Thanks for your question, LOOKFURTHERLEFT. However I'm afraid this is best answered by a clinician.

TruthfullDuck1 karma

So.... what actually happens to the cardiac muscle?

ImperialCollege3 karma

So...

Heart failure starts with damage to the heart (e.g. from a heart attack, or chemotherapy drugs, or valve disease) or some loss of power in the muscle e.g. from a hidden genetic defect.

The body senses the loss of power and tries to stimulate the heart with adrenaline (and noradrenaline), by changing the shape of the heart, and by loading of water.
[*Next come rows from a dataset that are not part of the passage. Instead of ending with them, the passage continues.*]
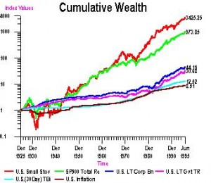 This chart shows the relative value of several asset classes from 1925 to 1995. The dark red line at the bottom is US inflation, while the bright green line is the S&P 500. Over time, the increased risk of investing in the S&P 500 has produced dramatically higher rewards relative to more stable investments, such as US Long Term Treasury Bills (the pink line).
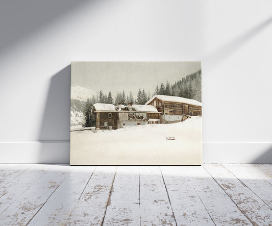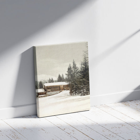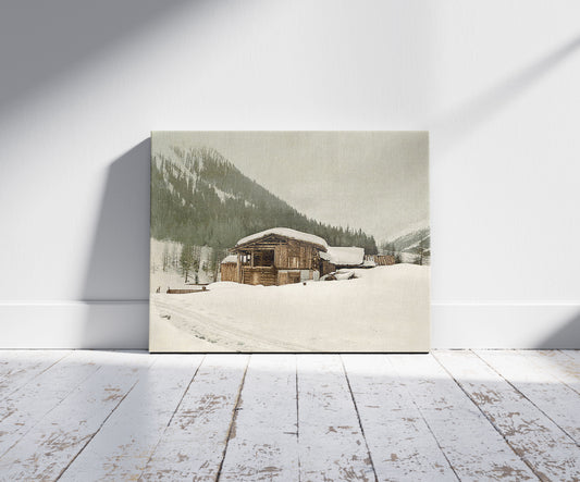 Winter scene with log structure, Grisons, Switzerland
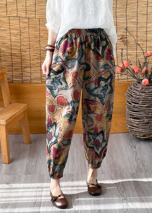 Pantalon court en lin uni avec poches kaki bohème et taille élastique pour l'été LY4496
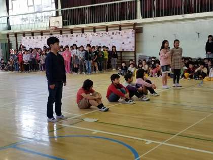 来年は4年生として、(左の写真のように)花のアーチを持ったり (右の写真のように)6年生と「対決」したりします。
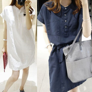2015夏裝新款收腰顯瘦中長款棉麻大碼休閑襯衫連衣裙現(xiàn)貨批發(fā)代發(fā) /
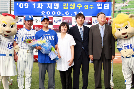 "역대 삼성 내야수 중 가장 뛰어난 선수가 되고 싶다". 2009년 삼성 라이온즈 1차 지명을 받은 경북고 유격수 김상수(18)가 입단식을 가진 뒤 당찬 각오를 드러냈다. 10일 삼성과 계약금 2억 8000만 원, 연봉 2000만 원에 입단 계약을 체결한 김상수는 우투우타 유격수로 작은 체구(178cm 68kg)에도 불구하고 정교한 타격과 파워가 좋고 발이 빨라 도루 능력과 수비 범위가 넓다는 평가를 받고 있다. 올 시즌 전국 대회 6경기에 출장, 타율 4할5푼5리(22타수 10안타) 2타점 6도루를 기록했다. 김상수는 이날 한화와의 홈 경기에 앞서 대구구장에서 김응룡 삼성 라이온즈 사장의 환영 속에 입단 기념 행사를 가진 뒤 "연습이나 경기할때와는 기분이 색다르다"고 소감을 밝혔다. 최근 미국 프로야구 텍사스 레인저스의 러브콜을 받았으나 삼성을 선택한 이유에 대해 "어릴 적부터 뛰고 싶었던 삼성에서 꿈을 펼치고 싶다"고 대답했다. 삼성에서 김상수에 거는 기대는 남다르다. 김상수는 2001년 프로 무대에 뛰어든 박한이(29, 외야수)에 이어 역대 신인 야수 가운데 두 번째로 많은 계약금을 받았다. 특히 빠른 발과 안정된 수비를 바탕으로 1군 무대에서도 활력소를 불어 넣을 것으로 전망된다. 빙그레 (한화 전신) 시절 이강돈, 이정훈과 더불어 다이나마이트 타선을 이끌었던 강정길 경북고 야구부 감독은 "좋은 선수를 뺏긴 것 같다"고 농담을 던진 뒤 "오랫동안 선수로 뛸 재목"이라며 제자의 성공을 기원했다. what@osen.co.kr 삼성 라이온즈 제공.
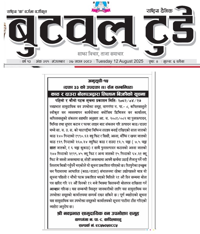 भदौ १४, २०८२ काठ र दाउरा बोलपत्रद्वारा लिलाम विक्रीको सूचना (नव प्रभात सावउस, कपिलवस्तु) २०८२।०४।२७
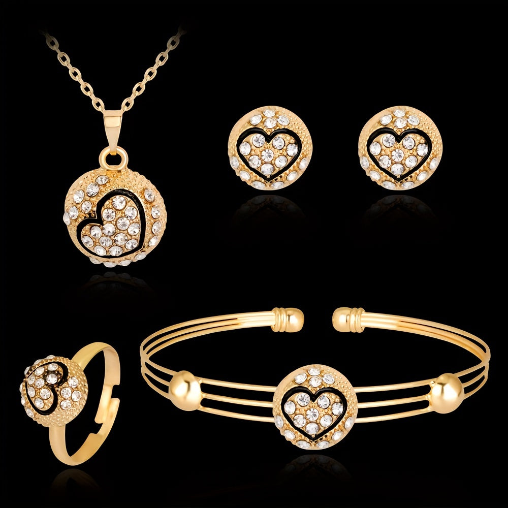 Complete your look with this dainty jewelry set featuring a necklace, bracelet, earrings, and a ring. Perfect for parties, birthdays, or Christmas gifts.

This causes further damage over the course of months and years. Eventually, either the heart gets weaker and heart fails completely or there is a sudden massive arrhythmia which causes rapid death. Drugs now are getting better at preventing further damage.

EMarkDDS0 karma

As a dentist, the standard of care (a wonderfully ambiguous and ever-changing barometer) is to wait 6 months after a heart attack before treating those patients. Can you offer any guidance on which individuals are most at risk? What the line is between someone you'd be comfortable treating vs someone who should delay any elective treatment for a certain amount of time?

ImperialCollege1 karma

Hi there. I’m not clear why this should be – can you tell me the reasons given for waiting this long?